Correspondence: Richard F. MacLehose, Division of Epidemiology and Community Health, University of Minnesota, 1300 S 2nd St, Ste 300, Minneapolis, MN 55454. E-mail: macl0029@umn.edu.

Bayesian statistics is the conceptually natural process of updating a prior distribution with observed data to produce a posterior distribution. In simple terms, we start with a belief, examine some new evidence (ie, data), and update our belief by combining what we used to believe with the new evidence. Bayesian statistical inference actually predates formal frequentist inference by more than 150 years. Through the second half of the 18th century, Laplace made use of Bayesian statistics to aid his scientific inference. By the early 20th century, Bayesian inference had become so routine that Fisher felt compelled to distinguish his new methods for frequentist inference from it.^{1,2} The appeal of Fisher's maximum likelihood techniques, coupled with the difficulty in computing Bayesian posterior distributions for any but the simplest, low-dimensional models, led frequentist inference to supplant Bayesian inference as the statistical technique of choice for most of the 20th century. Fisher's vehement objection toward Bayesian inference, once referring to it as “fallacious rubbish,”^{3} no doubt, hastened its decline as well (although it's interesting to note that Fisher's greatest statistical failure, fiducialism, was essentially an attempt to “enjoy the Bayesian omelet without breaking any Bayesian eggs”^{4}).
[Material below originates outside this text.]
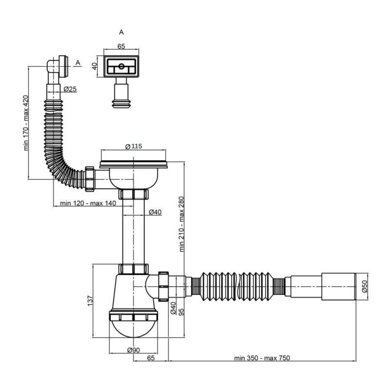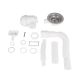 Сифон для кухонного мийки Lidz (WHI) 60 05 M001 01 виготовлений із пластику білого кольору у вигляді склянки - колби з металевими ґратами та гофрованих труб. Резервуар сифона відкручується для чищення. Гофрований вихід дає можливість змінювати довжину та кут труби. Завдяки комунікації для переливу можна уникнути переповнення кухонної раковини водою.

It was into the world of burgeoning frequentist statistics that modern epidemiology was born. Not surprisingly, then, the brief history of modern epidemiology has been overwhelmingly frequentist. Generations of epidemiologists have been trained exclusively in frequentist statistics, many without ever realizing it. More recently, however, prominent epidemiologists and statisticians have argued for the inclusion of Bayesian techniques in the epidemiologist's toolkit.^{5–8} The appeal to Bayesian methods has often rested on its subjective nature; a prior distribution is nothing more than a mathematical representation of an investigator's best guess about the magnitude of the parameter of interest as well as the uncertainty surrounding that guess. If the prior distribution is specified based on previous research, then a simple Bayesian analysis can be thought of as approximately equivalent to a meta-analysis, a procedure with which most epidemiologists are quite comfortable. Incorporating substantive knowledge in prior distributions can improve estimation and offers the benefit of producing interval estimates (credible intervals in the Bayesian jargon) that have the interpretation most scientists want to attach to frequentist confidence intervals.^{9} Moreover, the availability of a full posterior distribution also enables direct probability statements about key model quantities, such as the probabilities that each census tract will be assigned to the highest risk quintile, attractively mapped by Marí-Dell'Olmo and colleagues^{10} in their Figure 3.

Increasingly often, however, epidemiologists and statisticians are drawn to Bayesian analysis because it represents the easiest and sometimes the only way to obtain results. Much of Bayesian inference depends on modern computing power, in particular, on Markov chain Monte Carlo algorithms that draw repeated samples from the posterior distribution of interest. Once a prior distribution and a likelihood (often a regression model) are specified, all that is required is to generate samples from a posterior distribution by implementing the algorithm. These algorithms often have an automatic nature (indeed, the WinBUGS [MRC Biostatistics Unit, Cambridge, UK] and SAS [SAS Institute, Cary NC] software packages both offer generic Markov chain Monte Carlo algorithms). This step in Bayesian analysis has often been labeled as “turning the Bayesian crank.” Interestingly, no matter how much more difficult or high dimensional the prior or likelihood gets, turning this crank often does not get that much harder—hence the allure of Bayesian analysis in complex models. In contrast, frequentist inference tends to rely on asymptotic approximations that become increasingly unreliable, forcing the user to make unattractive and perhaps unjustified compromises in the modeling.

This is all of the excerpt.